Embryonic day 9.5 embryos were collected from timed matings of
Wild-type animals. These were stained for expression of Ago3 mRNA
by in situ hybridization as described in Methods. Ago3 shows the
same expression pattern as is seen in parallel analyses of Ago2
mRNA expression (see FIG. 10, Panel F).
[0056] FIG. 17 shows that Ago2-mutant MEF are defective for
siRNA-mediated repression WT and Ago2-mutant MEF (genotypes
indicated on the left) were transfected with a combination of
plasmids encoding dsRed and GFP, either with or without GFP siRNAs
(as indictated on the right). Microscopic examination revealed
consistent co-expression of dsRed and GFP in the absence of siRNAs
in both WT and mutant cells. SiRNAs eliminated co-expression of GFP
in WT cells but did not alter GFP expression in Ago2-/- cells.

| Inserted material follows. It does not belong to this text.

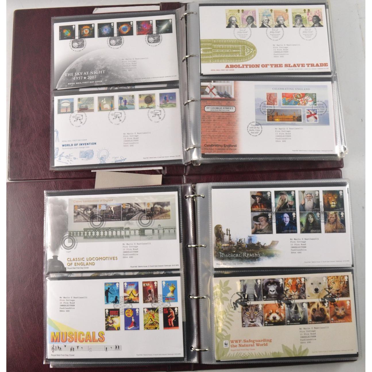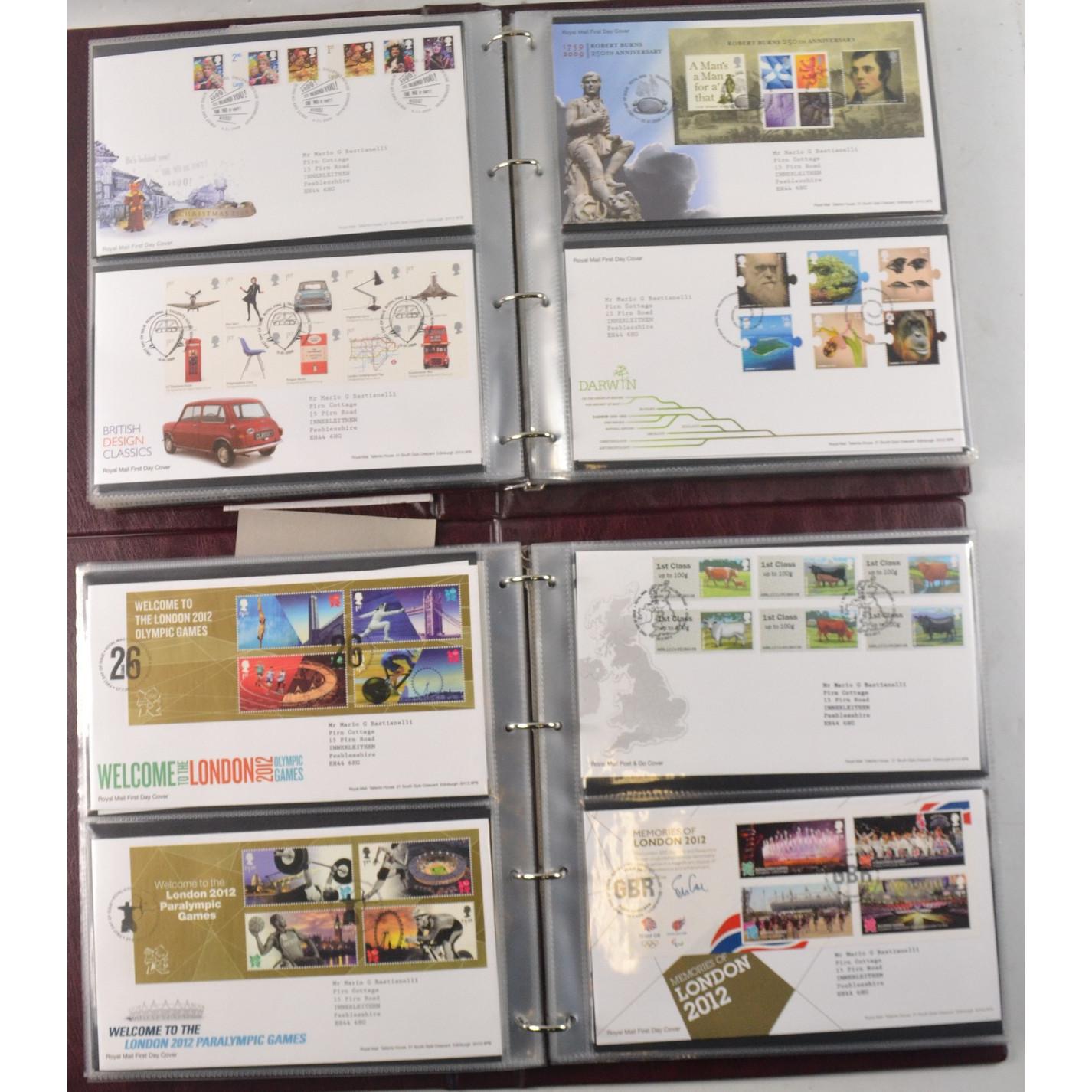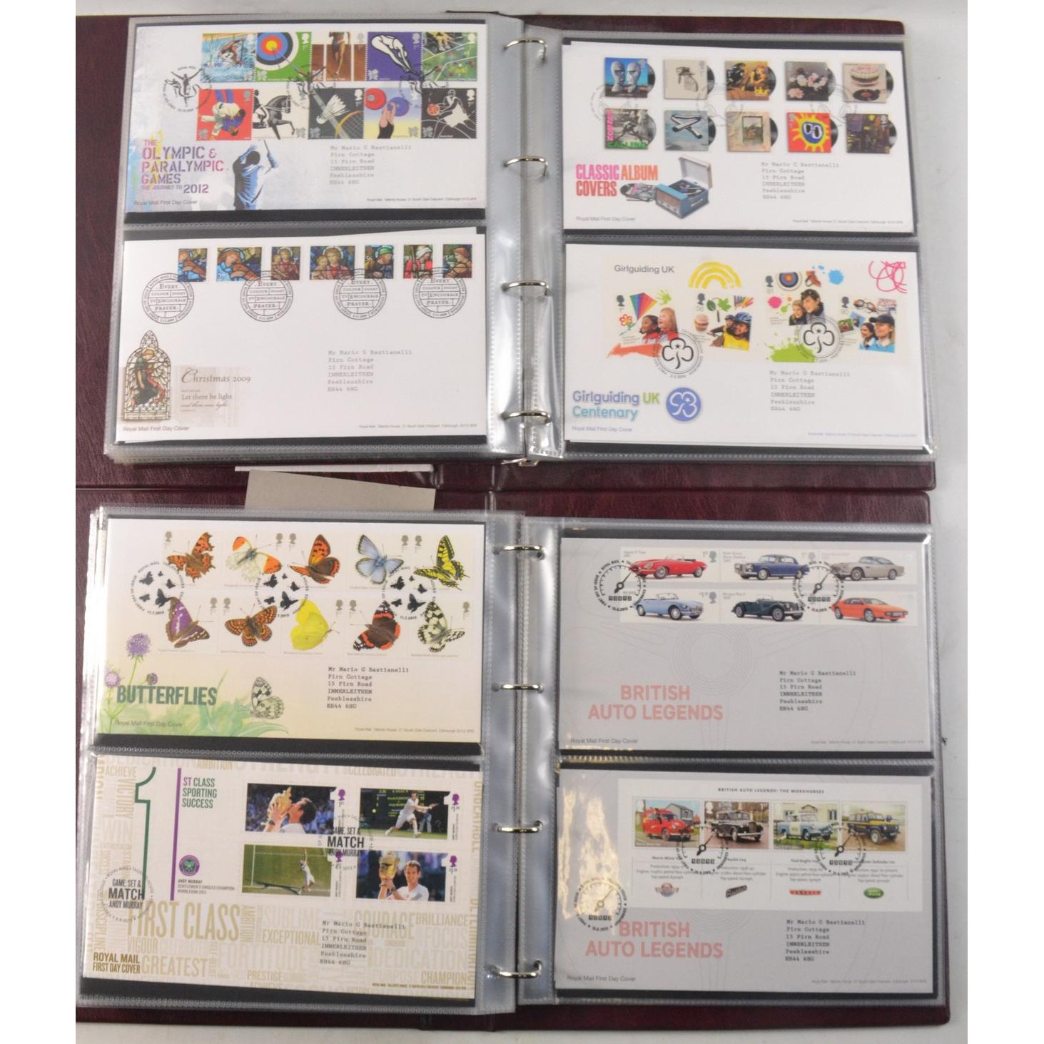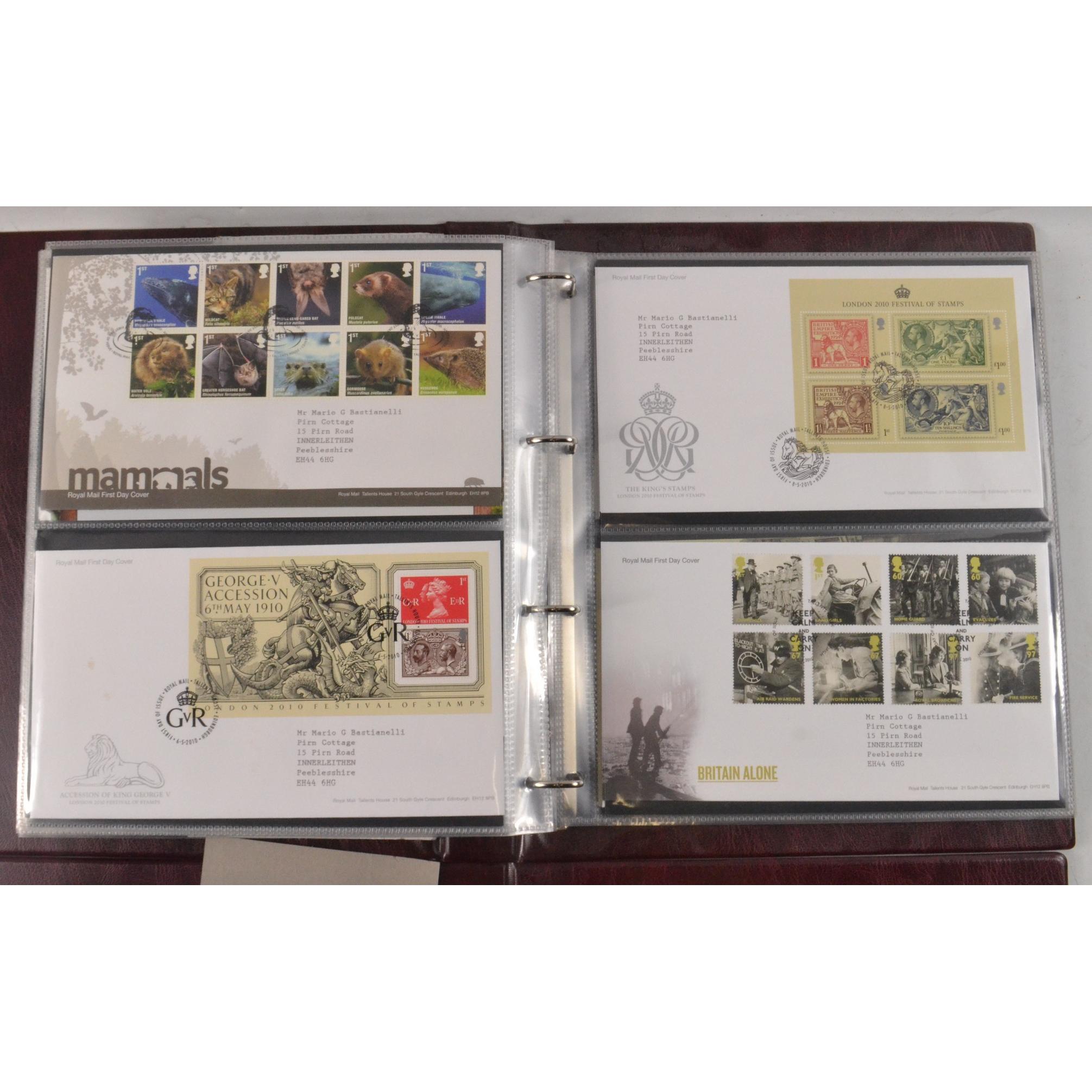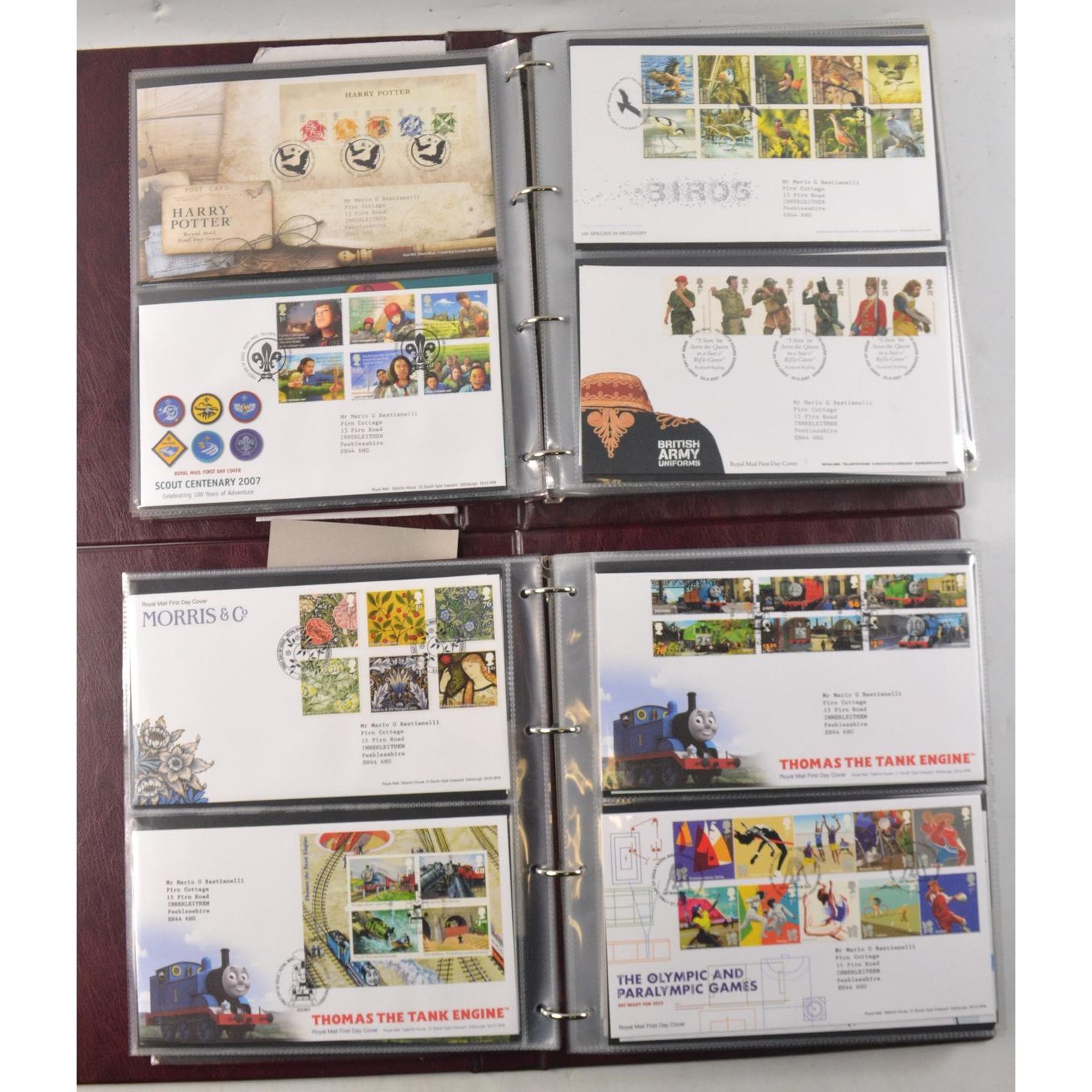 Two books of Royal Mail First Day Covers, to include The Royal Wedding of Prince William and Cathrine Middleton, The House of Hanover, Christmas 2012, and Football Heroes, Harry Potter, Darwin, and Winnie the Pooh.

[0057] FIG. 18 shows that intact Ago2 is required for formation of
cleavage-competent RISC. Deletions within Ago2 are indicated
schematically. Plasmids encoding epitope-tagged versions of each
deletion mutant were co-transfected into 293T cells with an siRNA
to firefly luciferase. Wild-type Ago2 was similarly expressed as a
control. RISCs were immunoaffinity purified and tested for activity
against a uniformly labeled mRNA substrate. Each protein was
expressed as indicated by Western blotting with a myc antiserum,
but none of the deletion mutants bound siRNAs, as determined by
Nothern blotting of immunoprecipitates.
[0058] FIG. 19 shows that Ago2 can be reconstituted with different
siRNAs. Ago2 was immunoaffinitity purified (see FIG. 13) and
reconstituted in vitro with single stranded siRNAs that target
either the sense strand or the antisense strand of a firefly
luciferase mRNA. Similar complexes were formed in parallel with
purified Ago 1. In each case, Ago2 cleaved the complementary mRNA,
whereas Ago1 complexes were inert. Positions of 5', and 3' cleavage
products are indicated.
[0059] FIG. 20 shows that RISC is a metal-dependent nuclease. As
previously shown, RISC requires a divalent metal for activity
(Hannon, supra). Similarly, RISC, reconstituted in vitro with
single-stranded siRNAs, depends on Mg++ for activity, as indicated
by the ability to inhibit the complex with EDTA but not with EGTA
(as indicated).
[0060] FIG. 21 shows that active site residues are conserved among
Ago proteins. Putative active site aspartate residues in the PIWI
domain were identified with reference to the structure of the P.
furiosus Ago protein. These were also conserved in Ago proteins
from a variety of species. Additionally, residues identified by a
mutational analysis (e.g. H634) were also highly conserved.
[0061] FIG. 22 shows sequence alignment of mammalian Ago1 family
members. An alignment of the protein sequences of human Argonautes
1-4 highlights a very high degree of sequence conservation. Red
indicates highly conserved, blue moderately conserved residues.
Residues mutated in Ago2 in this study are indicated in green and
by asterisks (see below). The PAZ domain is indicated by the yellow
bar and the PIWI by the orange bar (boundaries set as determined by
structural data). Accession numbers for individual genes are as
follows: Ago1 (NM.sub.--012199), Ago2 (NM.sub.--012154),
Ago3(NM.sub.--024852), Ago4 (NM.sub.--017629).
[0062] FIG. 23 shows Table I which provides crystallographic
statistics for Argonaute.
[0063] FIG. 24 shows Table 2 which provides additional
crystallographic statistics for Argonaute.
[0064] FIG. 25 shows Table 3 which provides the atomic coordinates
for Argonaute.
DETAILED DESCRIPTION OF THE APPLICATION
Overview
[0065] Argonautes are often present as multiprotein families and
are identified by two characteristic domains, PAZ and PIWI (21).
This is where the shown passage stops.